Dr. Ken Haller talks about vaccination safety with 'St. Louis on the Air' host Don Marsh on Feb. 10, 2015, at St. Louis Public Radio in St. Louis.
Alex Heuer
St. Louis Public Radio

The measles vaccine is safe and effective, pediatrician Ken Haller said; there’s no reason not to get it.

“This virus is very tenacious,” Haller told “St. Louis on the Air” host Don Marsh on Tuesday. “If someone with measles walks into a room and even just breathes, it can stay in the air for two hours. Anyone coming into that room who’s susceptible has a 90 percent chance of getting sick from it.”

The Centers for Disease Control and Prevention says 121 measles cases have been reported in 17 states and Washington, D.C., since Feb. 6. Ten of those cases are in the Chicago area; the cases are tied to the same daycare facility, and all but one of the victims is younger than 1 year of age — too young for the measles vaccine. In 2004, the CDC says there were 37 measles cases in the U.S.; in 2014 there were 644 cases. Worldwide, about 20 million people get the measles each year, and 146,000 die from it.

“Even though we are seeing these cases, strictly speaking measles is still considered eradicated from the United States because these cases have been linked to people going abroad and getting it in another country then coming back and then spreading it locally. Then you get this big firestorm of cases and they die out,” said Haller, who is a SLUCare pediatrician at Cardinal Glennon and associate professor of pediatrics at Saint Louis University.

The measles vaccine is not new. People born after 1957 usually received the vaccine. Haller said he remembers having measles as a child. “I remember being really, really ill for a couple of weeks,” he said.

Measles generally starts with a fever, runny nose, cough, red eyes and sore throat, then is followed by a tell-tale rash that spreads over the body. About 30 percent of those who get measles develop complications, including pneumonia, ear infections or diarrhea, according to the CDC.

“People who get that vaccine once have about a 93 percent chance of being immunized the rest of their lives. If you get it a second time, that rises to about 97, 98 percent,” Haller said. “It’s a very, very effective vaccine.”

The measles, mumps and rubella vaccine is administered in two doses: the first at 12 to 15 months and the second at 4 to 6 years of age.

Vaccine fears persist, though, for a couple of reasons, Haller said.

“Being afraid for the safety of your child is normal and natural and healthy. It shows me you love your child,” Haller said. But other fears are based on a discredited paper that linked vaccines to autism 17 years ago.

“There was a paper that was published in 1998. It was written by an English physician, a gastroenterologist actually, named Andrew Wakefield. It purported to show a link between the MMR vaccine and autism,” Haller said. “Andrew Wakefield has been shown to be a con man.

“At the time he published this paper, Andrew Wakefield was on retainer from a law firm that was looking for clients to sue vaccine manufacturers. He was actually getting 150 pounds an hour for that,” Haller said.

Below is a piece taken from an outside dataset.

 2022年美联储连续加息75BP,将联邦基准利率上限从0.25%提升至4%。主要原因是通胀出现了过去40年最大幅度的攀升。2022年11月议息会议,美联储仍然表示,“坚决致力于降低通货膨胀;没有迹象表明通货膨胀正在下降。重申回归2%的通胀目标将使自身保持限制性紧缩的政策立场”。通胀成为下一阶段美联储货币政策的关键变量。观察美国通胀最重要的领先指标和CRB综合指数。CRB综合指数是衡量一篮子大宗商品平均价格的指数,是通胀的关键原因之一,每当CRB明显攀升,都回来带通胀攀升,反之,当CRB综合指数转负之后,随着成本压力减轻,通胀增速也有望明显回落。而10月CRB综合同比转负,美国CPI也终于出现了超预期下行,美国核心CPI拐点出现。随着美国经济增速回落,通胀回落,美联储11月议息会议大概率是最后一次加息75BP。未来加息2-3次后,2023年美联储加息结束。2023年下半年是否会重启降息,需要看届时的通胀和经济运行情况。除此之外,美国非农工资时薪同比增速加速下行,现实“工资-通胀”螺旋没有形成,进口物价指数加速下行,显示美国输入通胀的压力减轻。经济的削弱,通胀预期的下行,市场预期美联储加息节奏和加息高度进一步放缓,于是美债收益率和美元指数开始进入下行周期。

Investigations have proven that Wakefield’s study also was not conducted as he said: 12 patients were hand-picked, and five of them started showing developmental problems months before the study was conducted. The others showed developmental problems months after the study.

“Most problematic of all, a year before (Wakefield) published this paper, he was attempting to patent what’s called a monovalent measles vaccine, a single measles vaccine, in the U.K. If his recommendation to separate the three vaccines in measles, mumps and rubella into three separate ones had been taken, he would have made a lot of money off of that. He did not disclose any of that to the editors of the Lancet, and that’s why he has had his medical license taken away.”

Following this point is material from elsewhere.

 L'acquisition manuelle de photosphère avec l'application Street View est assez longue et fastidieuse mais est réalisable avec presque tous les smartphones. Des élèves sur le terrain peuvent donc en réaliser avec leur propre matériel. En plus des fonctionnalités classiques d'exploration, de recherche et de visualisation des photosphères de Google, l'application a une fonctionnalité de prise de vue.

In addition to the MMR vaccine, Haller also recommends children are vaccinated against pertussis, also known as whooping cough, human papillomavirus and the flu. He said vaccines are developed for the diseases most likely to kill children.

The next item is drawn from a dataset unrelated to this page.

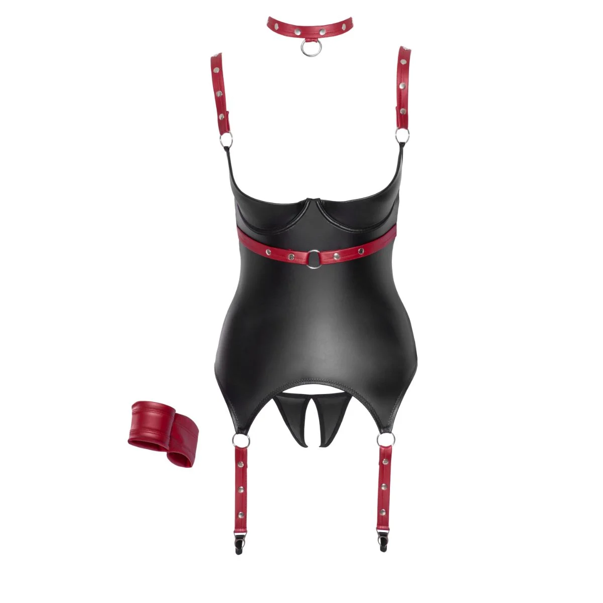 Cottelli Bondage – Kruisloze Set met Basque & String – Zwart

“For those of us who take care of children, our mission is to make sure that kids don’t get sick, and we do whatever we can to make sure kids don’t get sick,” Haller said. “Our secondary mission is when they do get sick, we take care of them.”

“St. Louis on the Air” discusses issues and concerns facing the St. Louis area. The show is produced by Mary Edwards and Alex Heuer and hosted by veteran journalist Don Marsh. Follow us on Twitter: @STLonAir.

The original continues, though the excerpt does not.